The research question and hypothesis are disease (Rett Syndrome), population (adolescent girls), and context-specific (wake time). Wake time breathing abnormalities were chosen specifically because, in Rett Syndrome, breathing tends to return closer to normal while patients are asleep. These details helped inform essential design decisions.
Relevancy of Real-World Evidence
Spirometry is the most common respiratory function test performed in clinic settings. It requires that patients breathe in and out of a machine as quickly and forcefully as possible. Because our population of interest was young girls with severe neurological impairment, a maximum effort spirometry test was not suitable. Furthermore, the hypothesis we were testing was that the frequency of breathing abnormalities would be reduced, meaning that a single point in time test would not be sufficient.
Continuous measurement of respiration during wake time was necessary. Given the young age and physical and cognitive state of the study population, it was evident that performing long-term measurements in a clinic setting would not be feasible. Continuous at-home monitoring was required to measure the transient events defined as abnormal breathing.
Digital biomarkers should be clinically meaningful measures or events derived from physiologic signals. They should not be simple summarizations of digital signals. For example, the respiration rate can provide information about physiologic status, but without additional context, it does not give enough information about the clinical status. With this in mind, and understanding how respiratory abnormalities present in persons with Rett syndrome, wake time apnea, hypopnea, and hyperventilation events were selected as the biomarkers of interest and change in their frequency was the primary outcome.
The sensor of choice needs to be validated to measure the identified biomarker(s) in the population and context of interest. We needed to select a tool that could accurately measure apnea, hypopnea, and hyperventilation events in young girls while they were awake. Given our experience with respiratory monitoring, we felt that respiratory inductance plethysmography (RP) was a valid and appropriate choice.
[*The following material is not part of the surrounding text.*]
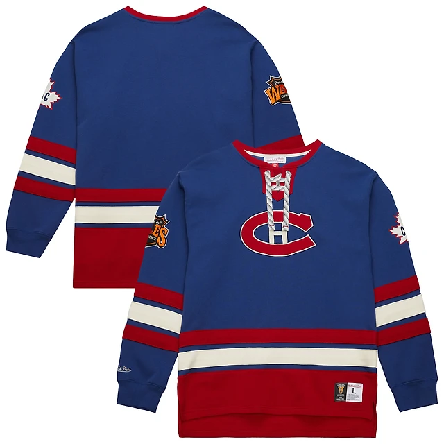 Men's Mitchell & Ness Royal Montreal Canadiens Heritage Lace-Up Pullover Sweatshirt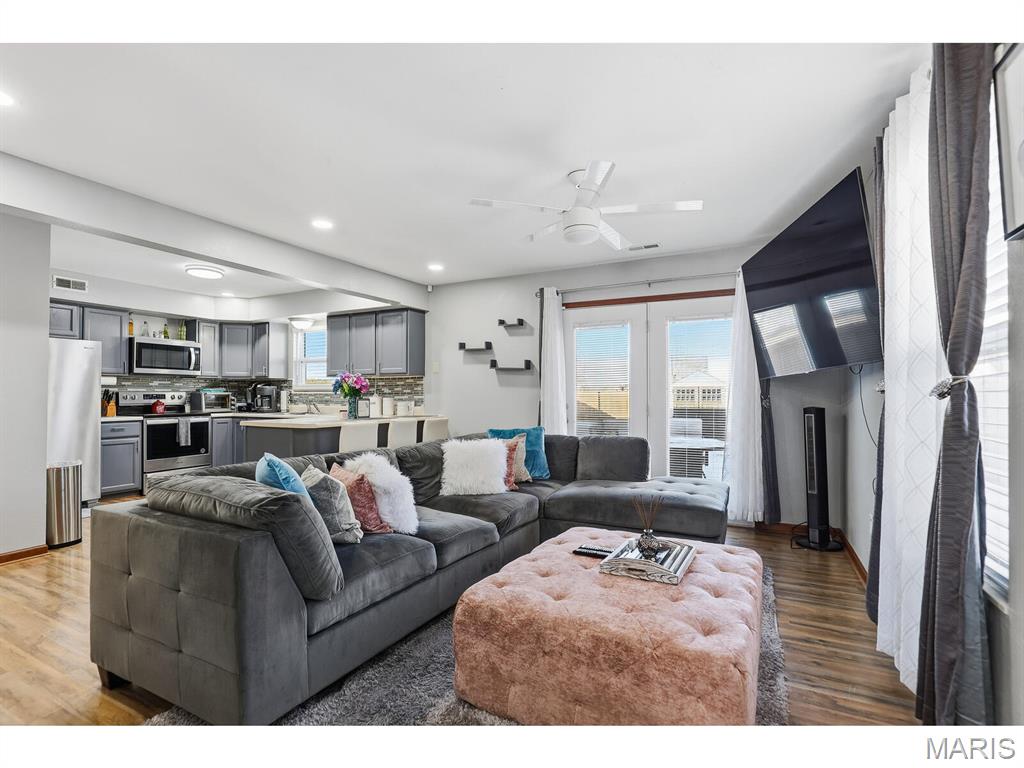 FABULOUS TOWNHOME IN VERY CONVENIENT LOCATION!! CLOSE TO SHOPPING, CHURCHES & SCHOOLS. CLOSE HIGHWAY ACCESS MAKES FOR EASY COMMUTE TO ST. LOUIS. UNDER 5 MILES AND 10 MINUTES TO SCOTT AFB. HOME HAS BEEN TASTEFULLY RENOVATED WITH NEUTRAL COLOR TONES. TRENDY NEW LIGHTING, RECESSED LIGHTING & CEILING FANS. ALL NEW LVP THROUGHOUT. OPEN FLOOR PLAN OFFERS MANY OPTIONS. LIVING ROOM BLENDS INTO FORMAL DINING AREA. **GAS FIREPLACE DOES NOT STAY.**WELL APPOINTED KITCHEN HAS LOADS OF COUNTERSPACE AND SS APPLIANCES. BREAKFAST BAR HAS SEATING FOR THREE. BREAKFAST AREA IS CURRENTLY USED AS FAMILY/TV ROOM. ATRIUM DOORS LEAD TO PATIO AND FENCED YARD WITH NEW PRIVACY FENCE. THERE'S ALSO A HANDY 1/2 BATH ON MAIN LEVEL, AS WELL AS MAIN FLOOR LAUNDRY. UPSTAIRS YOU WILL FIND 3 SPACIOUS BEDROOMS FRESHLY PAINTED W/NEW LIGHTING. HUGE PRIMARY SUITE WITH NEW SHOWER.. TWO REMAINING BEDROOMS ARE LARGE TOO. NEW ROOF IN 2023. HOME HAS TWO CAR ATTACHED GARAGE AND IS SITUATED NEAR THE END OF STREET WHICH AFFORDS A DEGREE OF PRIVACY AND VERY LOW TRAFFIC. BEAUTIFUL LANDSCAPING. THIS HOME HAS IT ALL!! START PACKING NOW!!

Not only can RP capture the biomarkers of interest, but it consists of only two respiratory bands worn around the chest and the abdomen and passively collects data in a low burden manner. This functionality was particularly important for our population, given that patients with Rett Syndrome often suffer from extreme touch sensation and will frequently pull at clothing using repetitive hand movements.
It is a common predicament in the relatively young field of digital health to be faced with using a technology that has not been validated for a specific context of use or changing your research question/hypothesis to fit the available technology. The validity and feasibility of using RP in Rett patients had not been previously tested. Other trials in Rett patients used polysomnography (PSG) technology to measure breathing dysrhythmias during sleep, but this was not considered given that our research question and hypothesis were specific to breathing dysrhythmias occurring during wake time. With the sponsor, we worked to quickly conduct pilot testing of RP specific to the context of use.
Scientists often get caught up in letting the data or technology drive the question. Still, the rise of novel technologies that amass unprecedented amounts of data does not dictate that science should be technology or data-driven. We remain unyielding in our stance that to see digital health technologies reach their potential, hypothesis-driven research and sound scientific methodology are vital.